2. Install the required dependencies:
```bash
pip install streamlit pandas numpy nltk scikit-learn pillow requests
```
3. Place the `data.pkl` and `similarity.pkl` files inside the `model` directory.
## Usage
Run the application using Streamlit:
```bash
streamlit run app.py
```
## File Structure
```
Electronic Search Engine/
│── model/
│ ├── data.pkl
│ ├── similarity.pkl
│── data/
│ ├── All Electronics.csv
│── app.py
│── test.py
│── electronic_search.ipynb
│── README.md
```
- `app.py`: Main Streamlit application for product search and recommendations.

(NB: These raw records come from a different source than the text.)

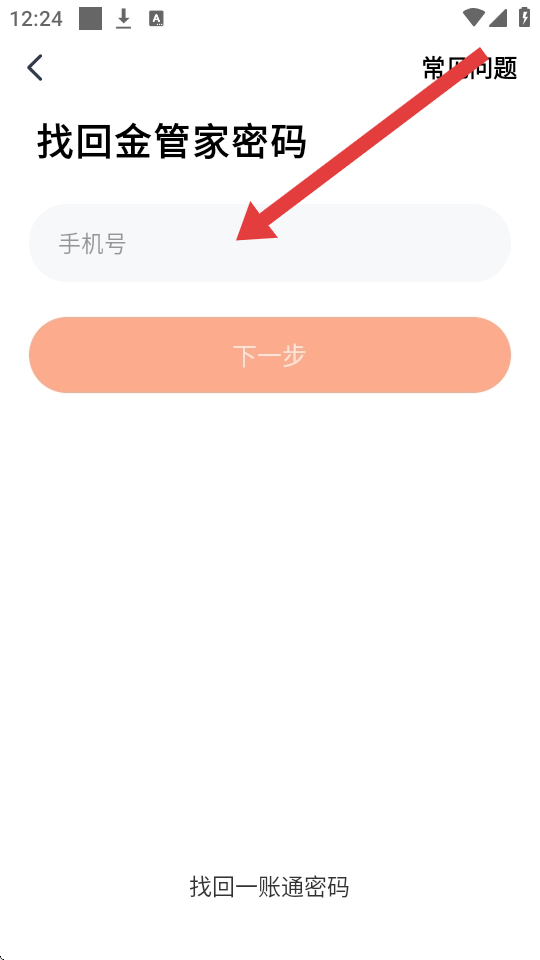 3、在找回金管家密碼頁面,于手機號輸入框填寫注冊賬號的手機號,點擊下一步,后續(xù)按系統(tǒng)指引完成新密碼設(shè)置。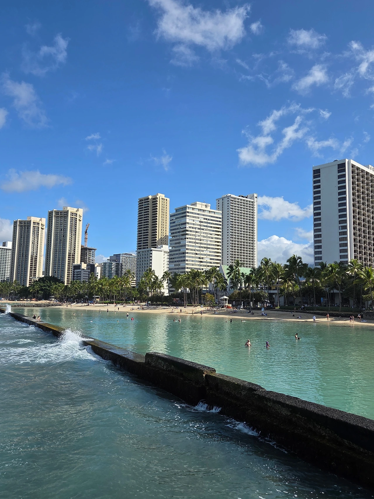 2주 차에 머문 하얏트 센트릭 와이키키비치는 산책하기 좋은 위치에 있다. 호텔에서 나와 오른쪽 방향으로 조금 걷다 보면 바닷가와 나란한 길이 나온다. 그 해변 길을 따라 죽 걷기만 하니 길치여도 다녀올 만하다. 어느 날 아침, 큰 맘을 먹고 혼자 산책하러 나왔다. 더 이상 미루다가는 후회할 것 같았다. 예상대로 이른 아침의 공기는 청량하다. 이렇게 바다를 바라보며 천천히 걸으니 며칠 전에 갔던 다이아몬드헤드까지도 거뜬히 올라갈 수 있을 것 같다. 해변엔 서퍼들뿐 아니라 태양이 뜨거워지기 전에 수영을 즐기는 관광객들이 생각보다 많았다.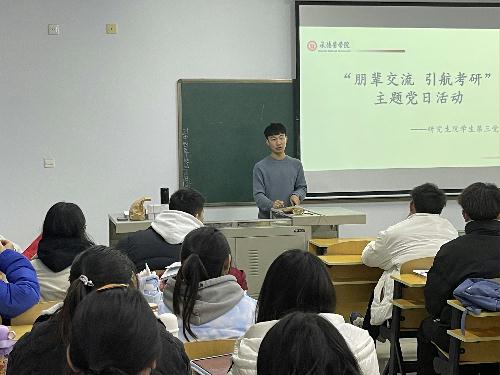 为深入贯彻落实党史学习教育“我为群众办实事”,进一步发挥朋辈榜样的示范引领作用,培养优良学风,激发学习内动力,增进本科生对考研知识和经验的了解,11月25日,研究生学院党委学生第三党支部在实验楼125举行“朋辈交流,引航考研”主题党日活动。 支部党员代表就考研复习方法、考研计划、备考心态的调整、作息时间安排及复试等方面介绍了自身的经验和感悟,让同学们对考研有了更全面的了解和准备。在随后的互动提问环节中,同学们就如何选择学校、考研前期如何准备、考研要求等问题向党员代表进行提问,整个交流会现场气氛热烈、互动密切。 此次党日活动是充分发挥朋辈示范引领作用,实现朋辈之间互帮互助、面对面交流的有效方式,通过主题演讲、互动答疑等形式让同学们了解更多的考研信息,对标优秀榜样,激发学习热情,树立考研信心,从而增强生涯规划意识,明确未来发展路径,珍惜韶华,不负青春,努力为梦想奋力前行。 (点击每张图片即可查看原图)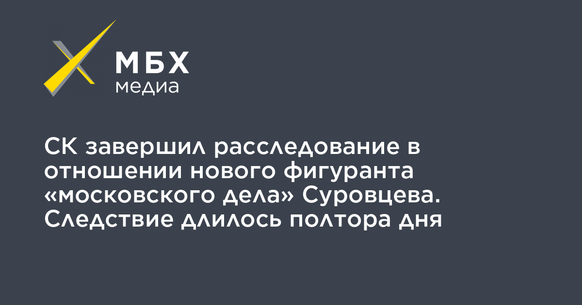Следователи за полтора дня завершили расследование уголовного дела в отношении Сергея Суровцева — нового фигуранта «московского дела». Об этом «МБХ медиа» сообщил его адвокат Василий Кушнир.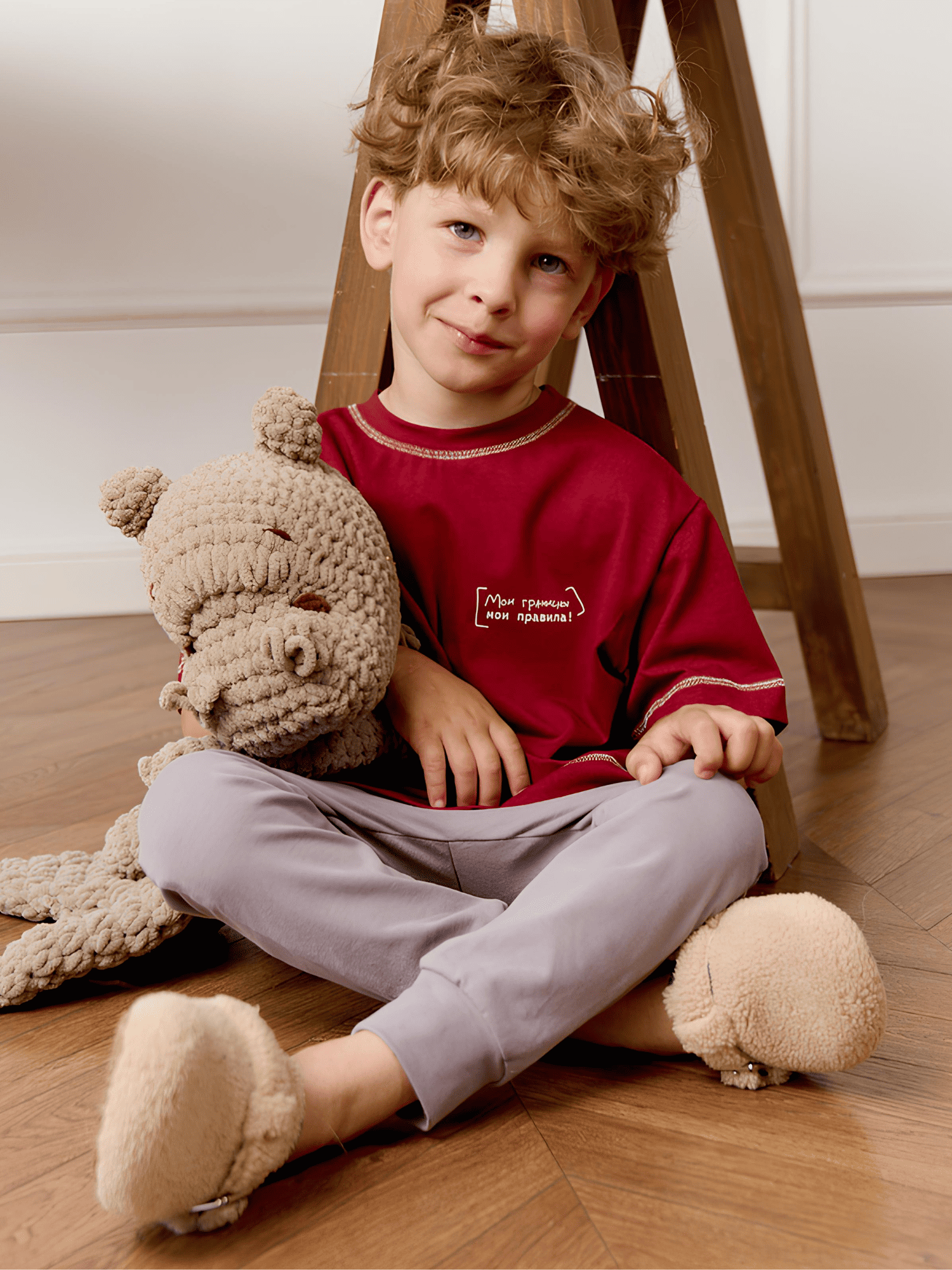 Модель легко надевать утром самостоятельно, а манжеты по низу не дают штанинам задираться во время движения или игр на площадке.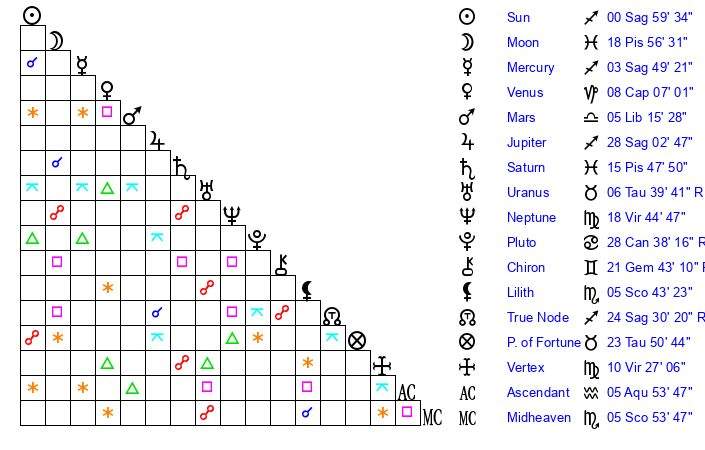 Sun | 0 Sagittarius 59 | 1 Sagittarius 39 | 0 Pisces 24 |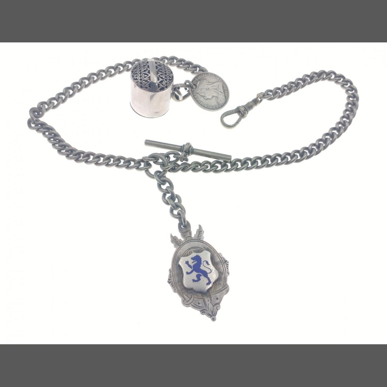 A VINTAGE unmarked white metal NCR Albert watch chain with silver Scottish fob, silver sixpence and a rather lovely unmarked enamelled vinaigrette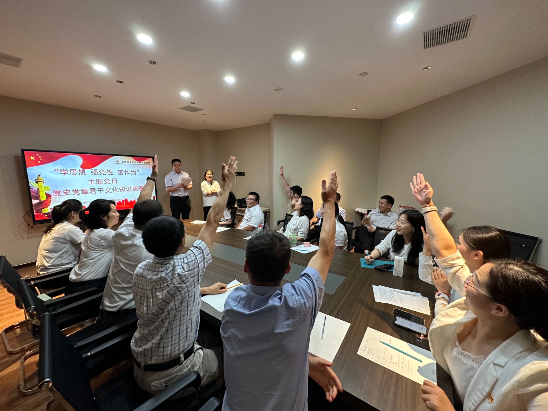 20日下午,公司直屬黨支部三名黨員幹部以題爲《共産黨員的形象》、《克己奉公 以儉修身》、《如何做一名合格共産黨員》給全體黨員幹部上了一堂主題深刻、内容豐富、意義深遠的主題黨課。緊接着三名黨員將(jiāng)自己心中的《忻口戰役》、《真理的味道(dào)真甜》、《一件舊軍襖背後(hòu)的故事(shì)》黨史故事(shì)分享給了全體黨員,通過(guò)黨史小故事(shì)汲取信仰的力量,在學(xué)思踐悟中堅定理想信念。活動中,還(hái)穿插了黨史知識、君子文化知識競賽,參與黨員幹部個個十拿九穩,對(duì)答如流,將(jiāng)學(xué)習活動推向(xiàng)高潮。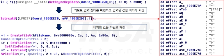 “SugarGh0st” 페이로드는 먼저 사용자의 키보드 입력을 모니터링하고 파일에 기록하는 키로깅 동작을 수행한다.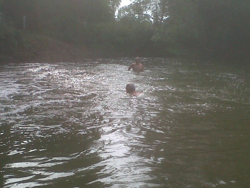 Cross the Oxford canal at Pigeon lock and follow the path to the river. We swam immediately after the second bridge over the middle channel. The river bed is stony, but just about deep enough. Back flow into the weir wasn’t a problem at summer water levels, although I guess it might be in flood.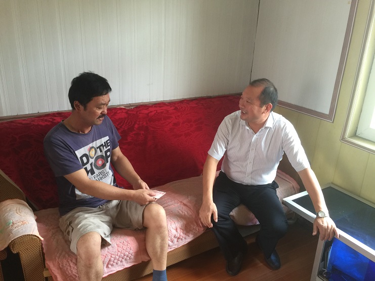 7月28日,投资公司总经理李国文一行带着慰问金,来到日晒制盐公司患病职工孙荣成的家里,为他送去公司党委的关爱和温暖,鼓励他树立战胜病魔的信心和勇气。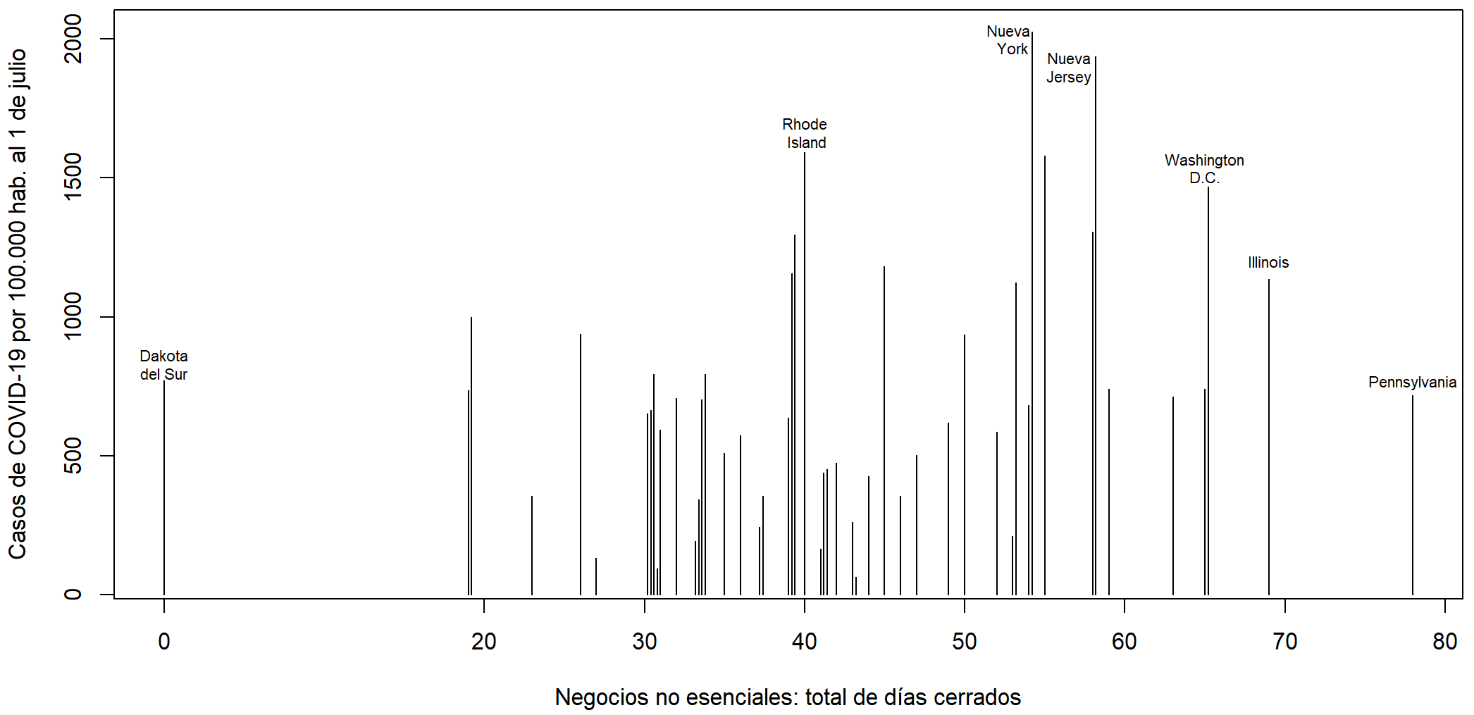 COVID-19 Cases Per 100,000 on July 1, by Days of Non-Essential Business Closure [Print] [PEX blog]
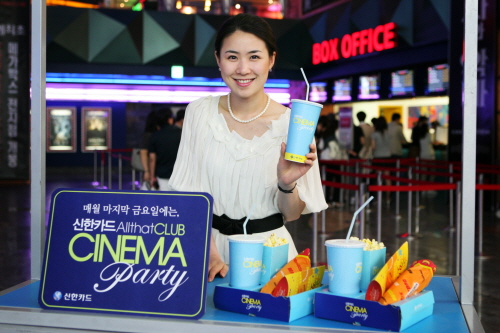 [프라임경제] 신한카드는 매월 마지막 주 금요일 서울, 부산, 광주, 대전, 대구 등 전국 5개 도시에서 1500명(동반 1인 포함)을 초청해 최신 개봉 영화, 간식 등을 제공하는 ‘신한카드 Cinema Party(시네마 파티)’ 서비스를 시작한다고 17일 밝혔다.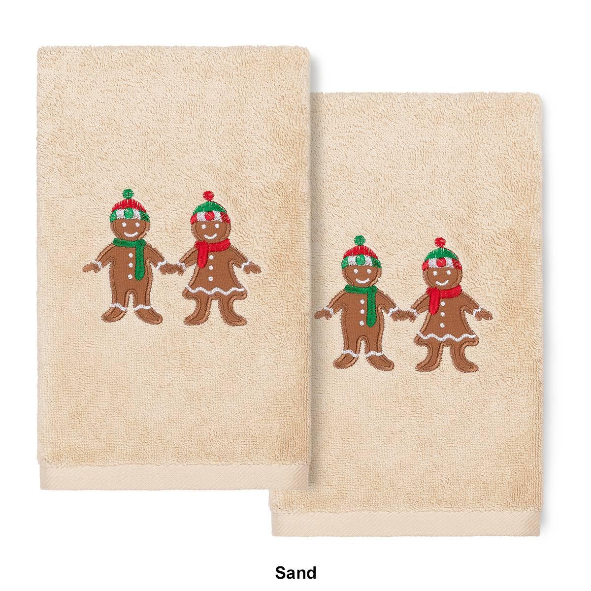 Description Your Christmas decorations are not complete without this Linum Home Textiles embroidered hand towel for your guest bath. This Christmas Gingerbread towel features a...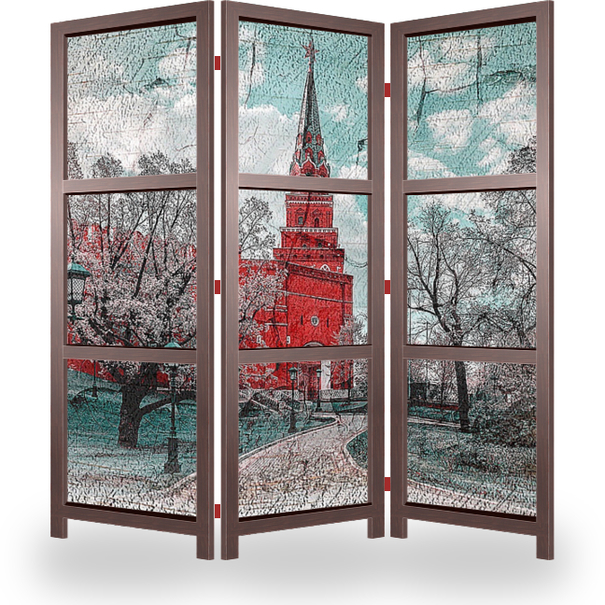 Описание ширмы Стилизованная картина, виды Московского кремля, такая работа станет хорошим дополнением современного интерьера, подойдёт для гостиной или комнаты отдыха.
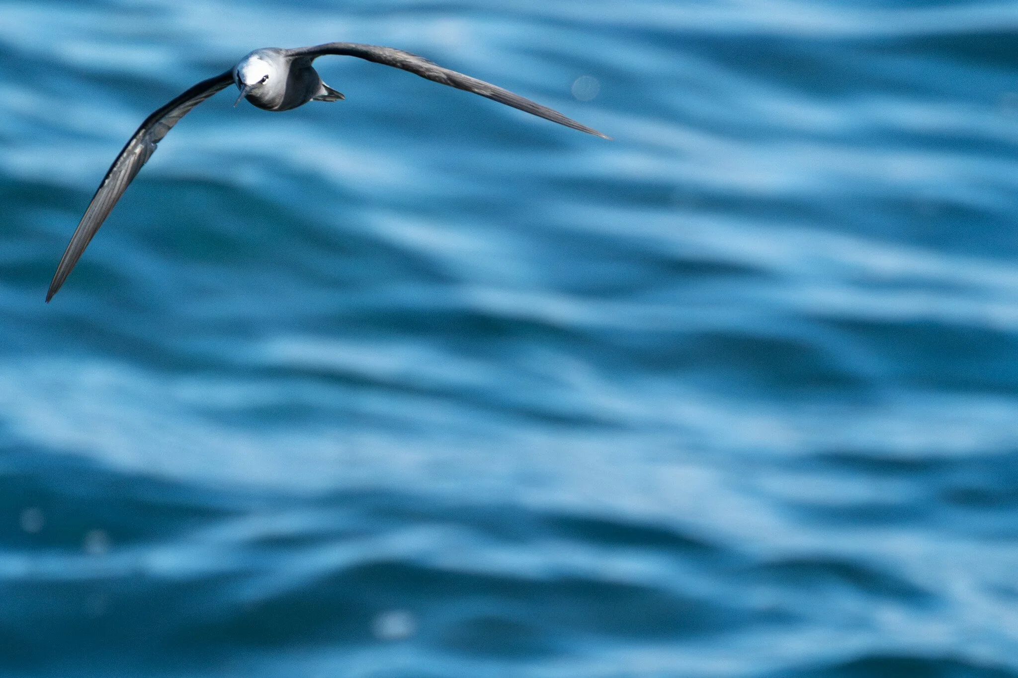 The Black Noddy. They roost just under the lips of lava cliffs by the water, sheltered from view. From dusk to dawn the noddies conduct short fishing missions, veering out over the churning water to catch small fish and squid before returning to the colony like a boomerang.
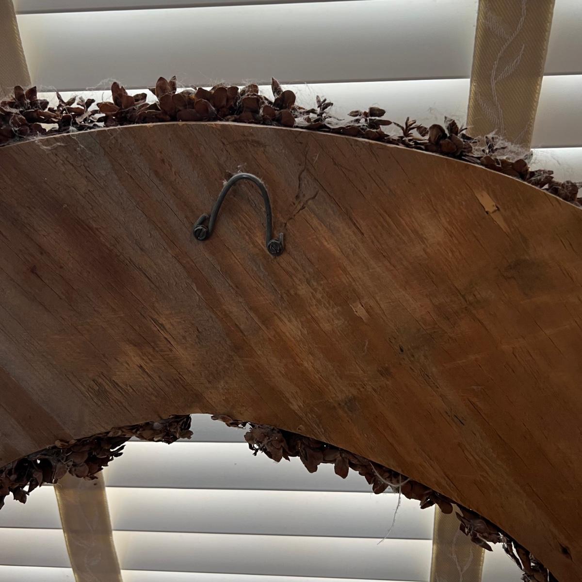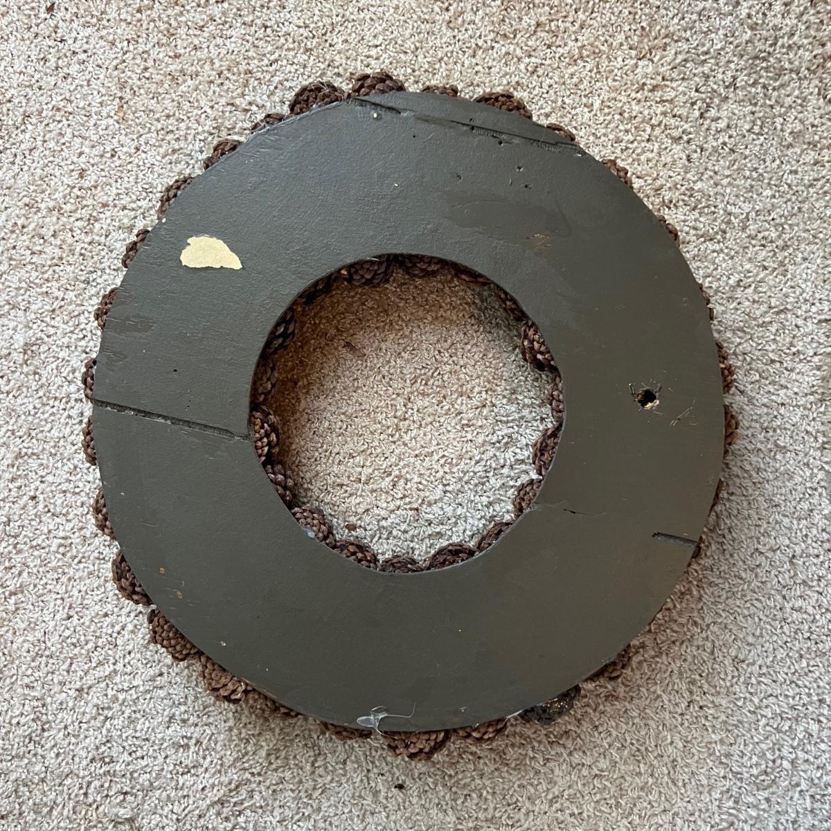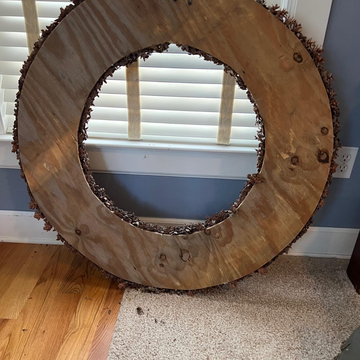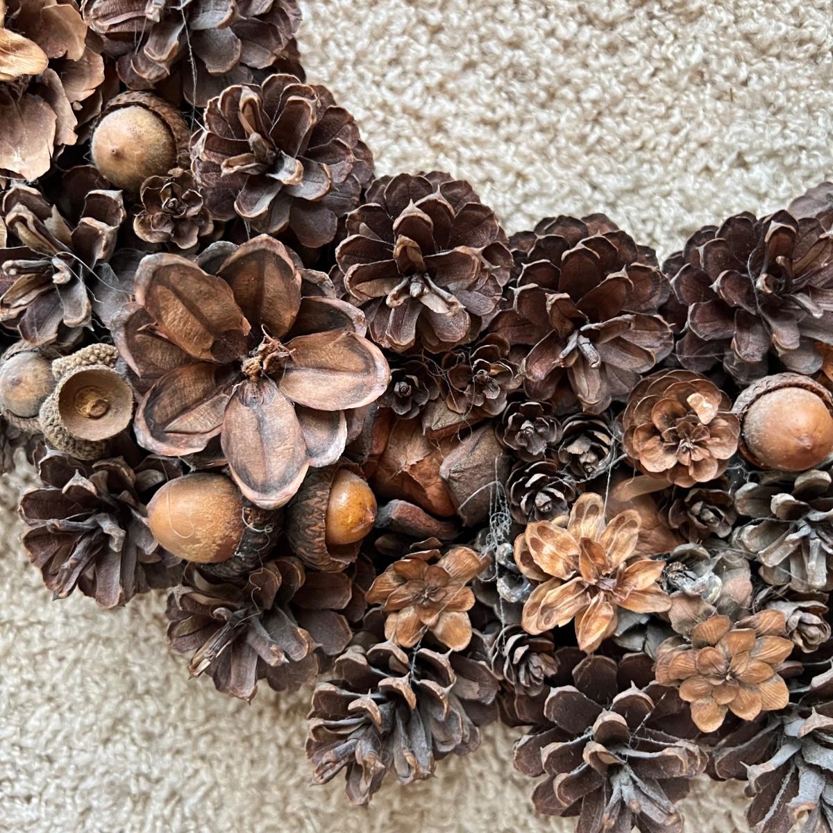 Charming rustic decor pine cone wreaths. A large wreath measures 36” D and the smaller one is 17”D. Arguably perfect for year-round enjoyment. They are both in good condition and in need of some dusting but otherwise lovely. Shipping available. Shipping art can be costly. We suggest calling our local UPS with dimensions and getting an estimate before bidding: (828) 252-6930.

- `test.py`: Additional script for testing image validity before displaying recommendations.
- `model/data.pkl`: Pickle file containing electronic product data.
- `model/similarity.pkl`: Precomputed similarity matrix for recommendations.
- `model_training.py`: Script for processing data, generating similarity matrix, and saving model files.
## How It Works
1. **Data Preprocessing**:
- Load electronic product data from CSV.
- Clean and preprocess data (handle missing values, remove duplicates, tokenize text, apply stemming, etc.).
- Convert text data into a numerical format using Count Vectorization.
- Compute similarity scores using Cosine Similarity.
2. **Recommendation System**:
- User selects a product from the dropdown.
- The application fetches the top 10 most similar products based on precomputed similarity.
- The recommended products are displayed with images and names.
## Example Output
- **User selects**: *iPhone 12*
- **Recommended products**:
- iPhone 12 Pro
- iPhone 11
- Samsung Galaxy S21
- etc.
## Future Enhancements
- Implement a search bar for quick product lookup.
- Improve similarity calculations using deep learning models.
- Add a feedback mechanism to improve recommendations.
## License
This project is open-source under the MIT License.